Question écrite n° 18435 de M. André Vantomme (Oise - SOC)

publiée dans le JO Sénat du 30/06/2005 - page 1737

M. André Vantomme appelle l'attention de M. le ministre de l'agriculture et de la pêche sur la diminution des crédits dans le domaine de la génétique porcine. Depuis la loi d'orientation agricole de 1996, l'Etat a toujours encadré les dispositifs d'amélioration génétique et financé des missions d'intérêt général : évaluation génétique des reproducteurs, collecte de références publiques objectives sur les populations d'animaux, gestion de la variabilité génétique etc. Or ces dix dernières années, cet engagement financier a subi une décrue permanente, provoquant des restructurations drastiques, notamment dans le secteur du porc. Or pour 2005, l'Etat annonce une nouvelle baisse des moyens alloués à la génétique porcine de l'ordre de 30 %. Cette baisse poserait d'énormes difficultés aux organismes concernés pour équilibrer l'exercice en cours. A l'heure où la génétique constitue un élément déterminant pour la compétitivité de la filière, il paraît inconcevable que ces aides dispensées par l'Etat puissent être réduites. Il lui demande de bien vouloir se prononcer sur une telle restriction budgétaire qui menace la diversité et la variabilité génétiques et sur les aides qu'il compte apporter afin de pérenniser l'avenir de la production porcine française dont les difficultés sont toujours présentes.

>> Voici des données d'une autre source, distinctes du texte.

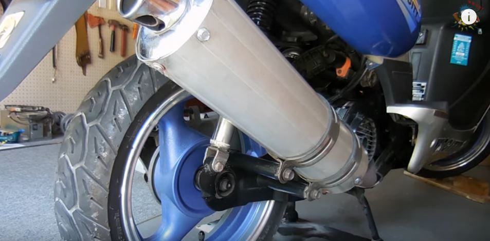 Во время снятия колес играет роль, какое колесо снимается – заднее или переднее. Это связно с конструкцией скутера в целом. Рассмотрим сначала, как снять заднее колесо на скутере. Первым делом для удобства следует снять глушитель.
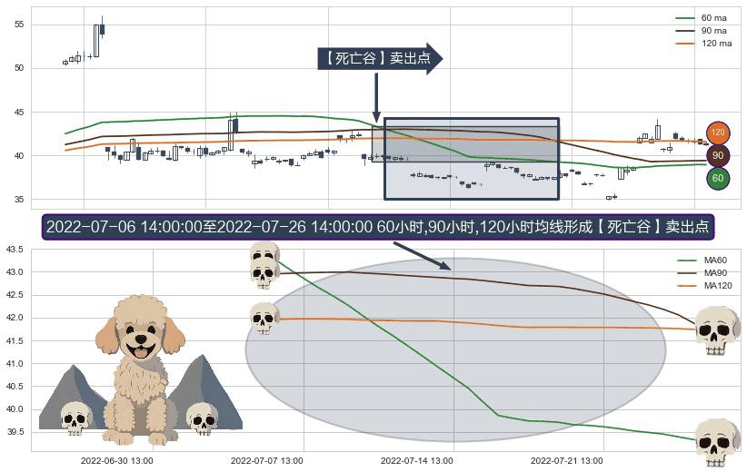 ⚂ 【死亡谷】卖出点 由MA60均线下穿MA90均线和MA120均线,MA90均线下穿MA120均线形成
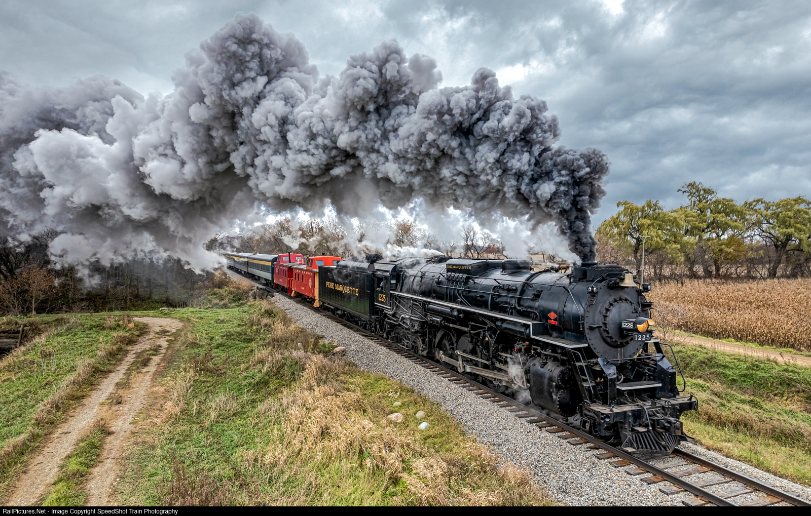 RailPictures.Net Photo: PM 1225 Pere Marquette Steam 2-8-4 at Carland, Michigan by SpeedShot Train Photography
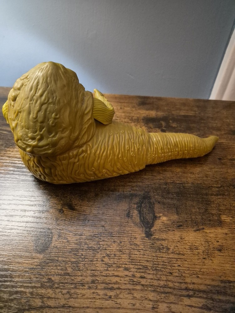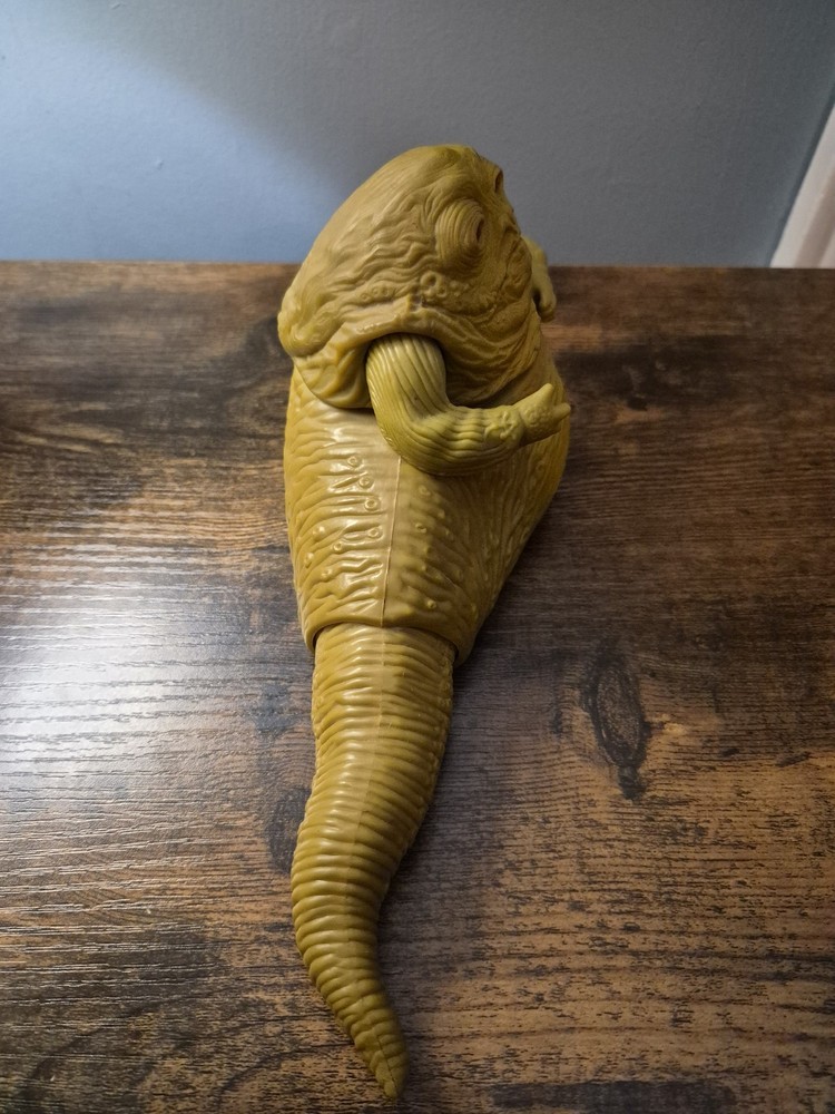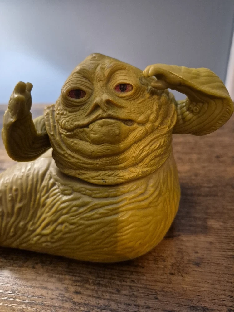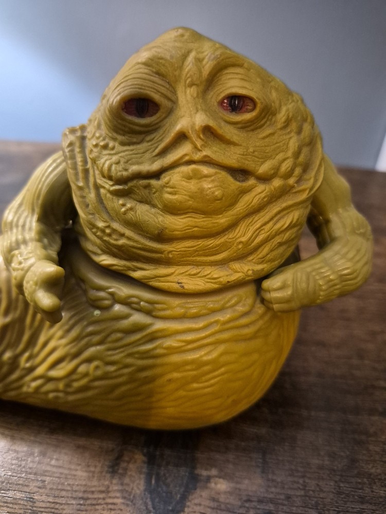 The Kenner Star Wars Jabba the Hutt Vintage Action Figure from 1983, based on the character from the Return of the Jedi movie, is a highly sought-after collectible for fans of the Star Wars franchise. This iconic action figure captures the unique and memorable look of Jabba the Hutt, making it a valuable addition to any science fiction and horror memorabilia collection. With its vintage status and connection to the classic Star Wars series, this toy brings a piece of cinematic history to life for collectors and enthusiasts alike. GREAT USED CONDITION!! WORKING SWIVEL!!

Réponse du Ministère de l'agriculture et de la pêche

publiée dans le JO Sénat du 22/09/2005 - page 2406

Du fait de la mise en réserve partielle des crédits sélection animale au cours de l'exercice budgétaire 2005, les subventions accordées aux structures impliquées dans la génétique porcine sont en baisse de 19 %. Cette diminution, conjoncturelle, ne remet toutefois pas en cause la pérennité des actions menées et des structures qui les conduisent. En effet, le dispositif national de sélection de cette espèce est déjà restructuré et très concentré autour de l'Institut technique du porc, de l'Agence de sélection porcine et des stations collectives d'évaluation des reproducteurs : il est complet et performant. La réforme initiée dans le projet de loi d'orientation agricole devra permettre de trouver les termes d'un nouvel engagement sur le financement partagé et stable du dispositif de sélection animale.